◆ Records from a data source
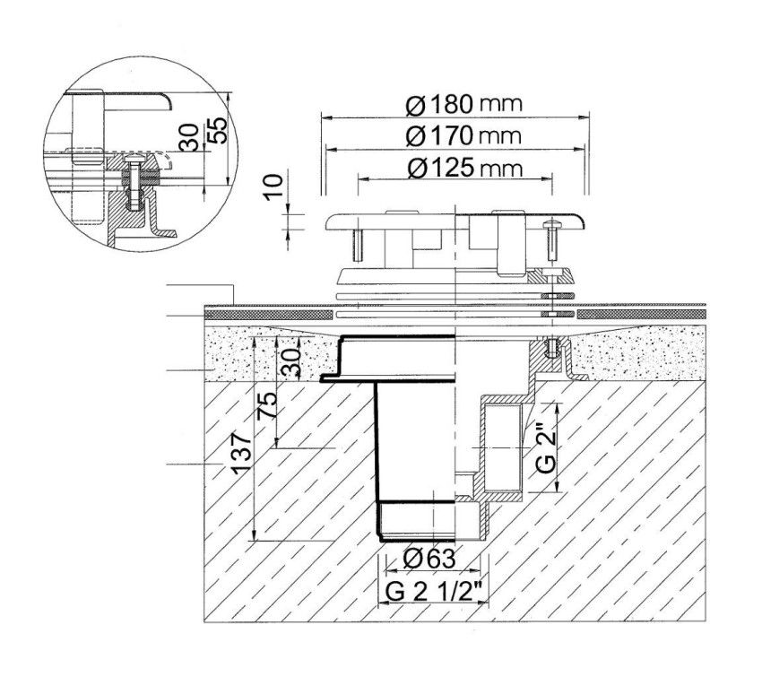 Připojení: R 2“ x 2,5“, 63 mm připojení lepením. Směr odtoku je 90° a 180°.
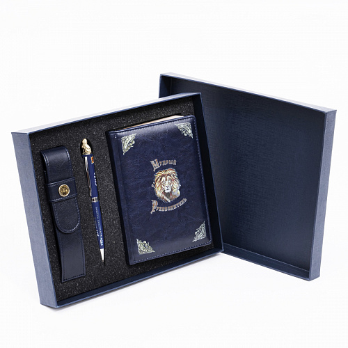 Блокнот с ручкой в футляре "Лев"
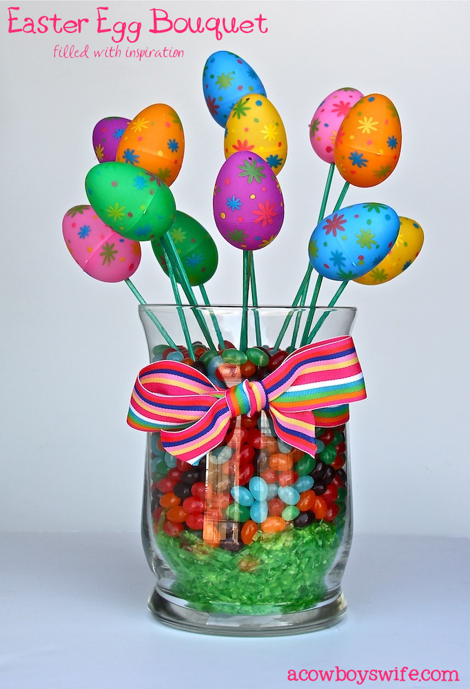 While I have many more to share, I’ll make this Easter Egg Bouquet in Candy-Filled Jar, my last one. You loved it. I loved it. Truett loved helping me put it together! A GREAT teacher gift during the Easter holidays.
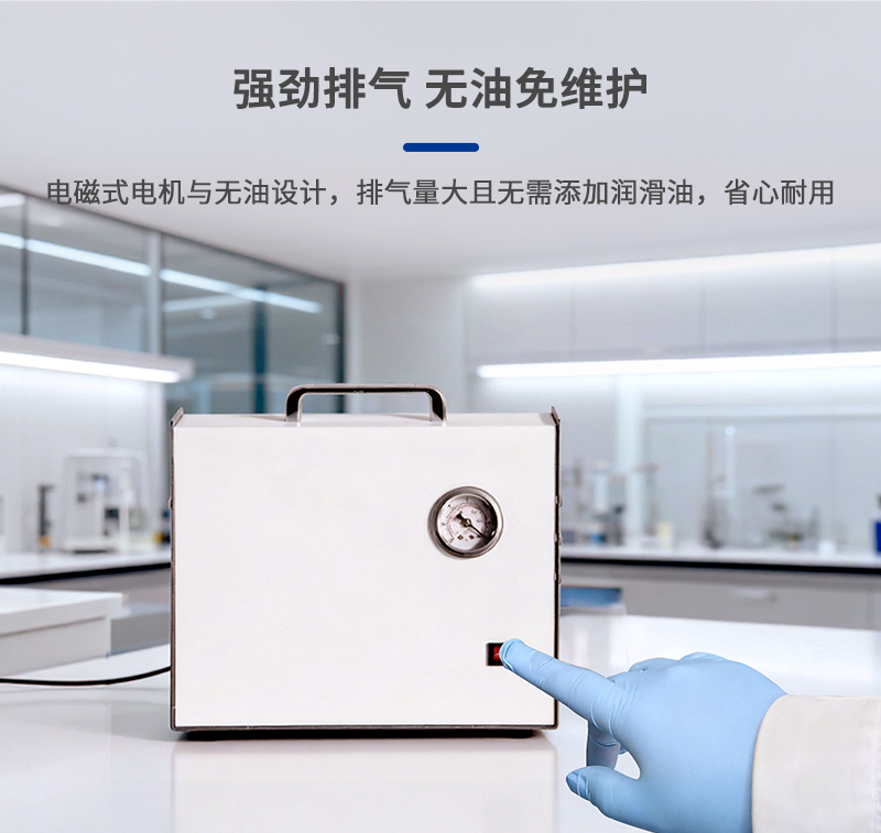 8、真空泵采用电磁式电机,活塞直线往复运动产生压缩气体,排气量大;
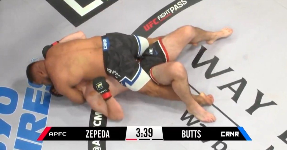 That all changed when Butts faced the debuting Antonio Zepeda. After landing a sweet slam, Butts quickly advanced to full mount and broke Zepeda down with heavy elbows. Then, he sent the crowd into a frenzy with a picturesque (?) smother choke that forced Zepeda to tap less than 90 seconds into Round 1.

◆ TASK STATEMENT
Leaving out the pictures, print each line of the records above from the first up to and including the one that contains "Блокнот с ручкой", exactly as written.

◆ REPLY
 Připojení: R 2“ x 2,5“, 63 mm připojení lepením. Směr odtoku je 90° a 180°.
 Блокнот с ручкой в футляре "Лев"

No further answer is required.